How common are false negatives and false positives?

It’s not very common; it’s possible because these tests are supposed to be highly sensitive and highly specific. Depending on what goes in there, the most important thing is the prediction, for instance, what is the probability that when one tests HIV positive, the person really has HIV? 

 

How accurate are in-home- HIV tests? 

Yes I can assure you, they’re accurate. One can use it because they have high sensitivity and specificity. Whenever one uses it, and the results turn out positive, that is alone is non confirmatory, one has to come to the facility for a repeat of the test to ascertain most accurately that one has HIV. So it’s very important we adhere to it.

 

Many people living with HIV in the rural area do not have access to HIV facilities… how…(cuts in) 

Yes, it’s true, but they can access us through the number 6222 from anywhere in the country. They can get us, it’s toll free and the communication is in any indigenous language in Nigeria. By this, we carry everyone living with HIV along. And our response is swift.

 

Last word

We must reiterate to Nigerians that NACA is on top gear to end HIV, and we have given it the fight it deserves. The challenge before is sustainability of this fight, and to do this, we must conscientiously convince people to check and know their HIV statuses, and if anyone is positive, he /she should do something urgently by accessing the life saving treatment, because that would help to keep the virus in check.
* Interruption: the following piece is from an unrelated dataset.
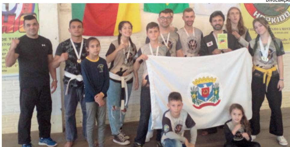
Agora, a equipe de Paverama começa a se preparar para a etapa nacional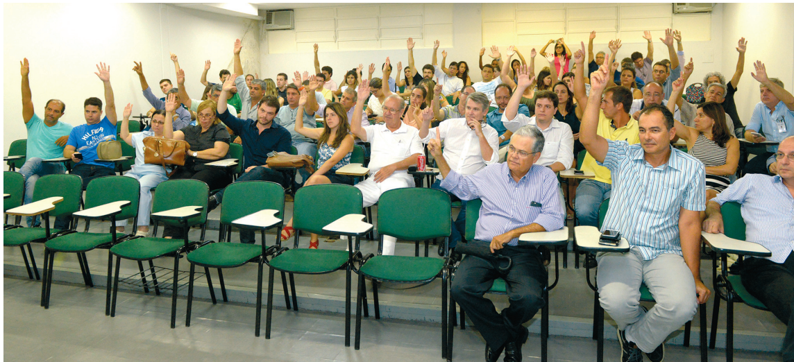
Primeira assembleia que decidiu a realização da greve

Ainda neste ano será produzido um documento com todas as reivindicações dos médicos que trabalham na rede pública de saúde da Região Sul fluminense, que será entregue aos candidatos a prefeito, para que firmem apoio às lutas e ao movimento, na busca de melhorias das condições da categoria e de atendimento à população.

Also, we shall make sure that the virus doesn’t kill the person. You can see people don’t discuss HIV /AIDS again because it doesn’t show on the face, but it’s there right inside the body of people, but they chose to keep mute and (maybe) unconsciously transfer it to those who don’t have it. It’s our mandate to ensure that HIV does not move to those who don’t have it. So we are working on denying HIV the opportunity to leave from people that have it to those who do not have it. We want it to remain only for those who have it. That’s our responsibility. And if one is negative, one should remain negative for the rest of one’s life. That’s the contribution we have.